(REQUIRED ACTION): The listing is to be returned word for word, without its images.

━━ DATASET CONTENT ━━

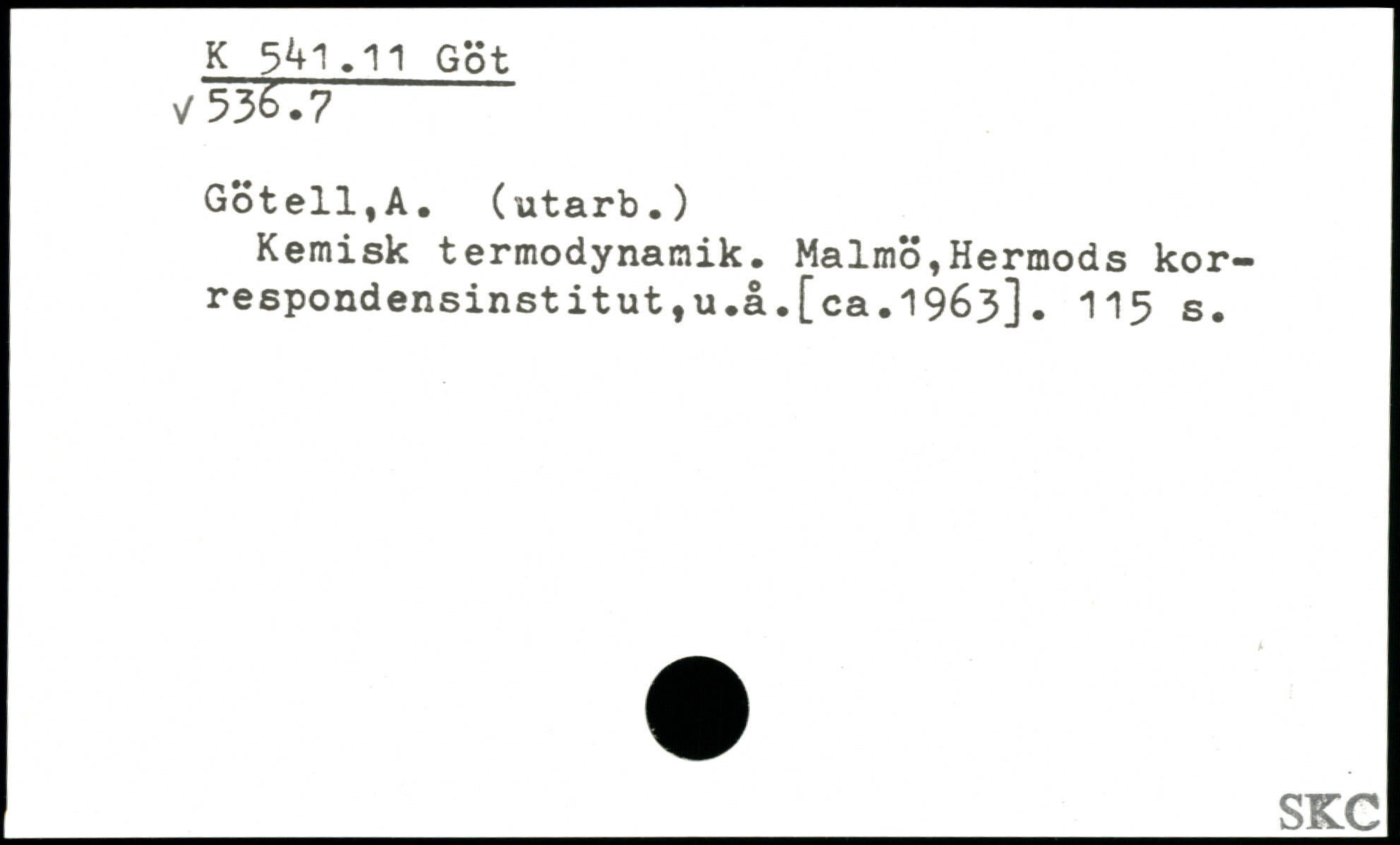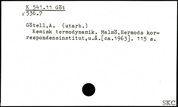 Kemisk termodynamik. Malmö,Hermods korrespondensinstitut ,u.å.[ca.1963].
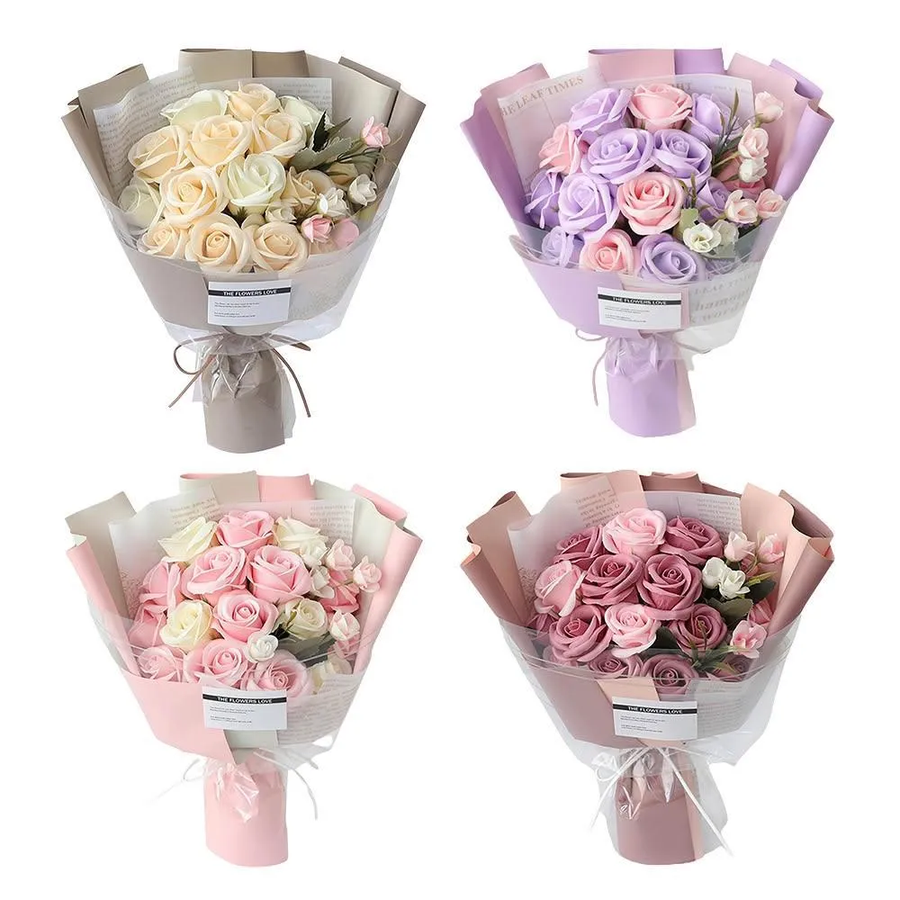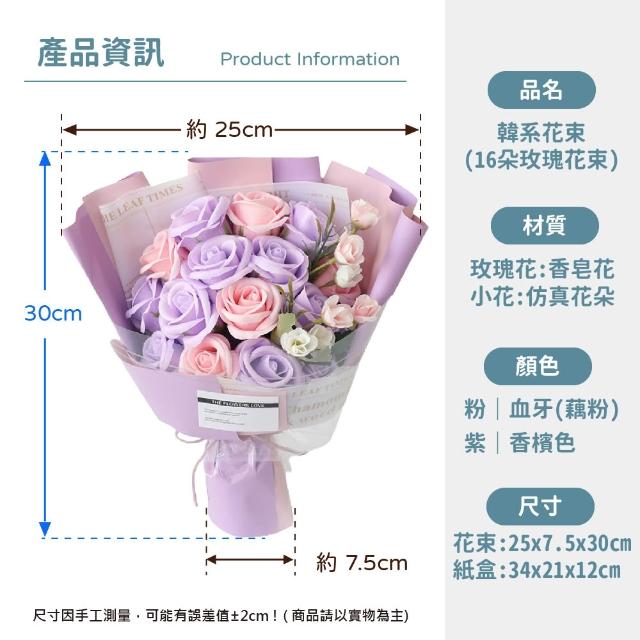 VENCEDOR韓系16朵香皂花束附提袋及小卡 一入 玫瑰花禮物 情人送禮
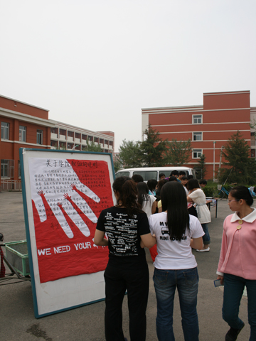5月16日,院红十字会在捐款活动之后相继组织的为灾区献血的报名活动在学生三食堂门前举行。报名现场非常热烈,红十字协会贴出了有关献血知识的宣传栏,发放献血宣传单,并发起了报名倡议书,来往的同学踊跃填写了报名表。

━━━

(REPLY TO THE EXERCISE):
 Kemisk termodynamik. Malmö,Hermods korrespondensinstitut ,u.å.[ca.1963].
 VENCEDOR韓系16朵香皂花束附提袋及小卡 一入 玫瑰花禮物 情人送禮
5月16日,院红十字会在捐款活动之后相继组织的为灾区献血的报名活动在学生三食堂门前举行。报名现场非常热烈,红十字协会贴出了有关献血知识的宣传栏,发放献血宣传单,并发起了报名倡议书,来往的同学踊跃填写了报名表。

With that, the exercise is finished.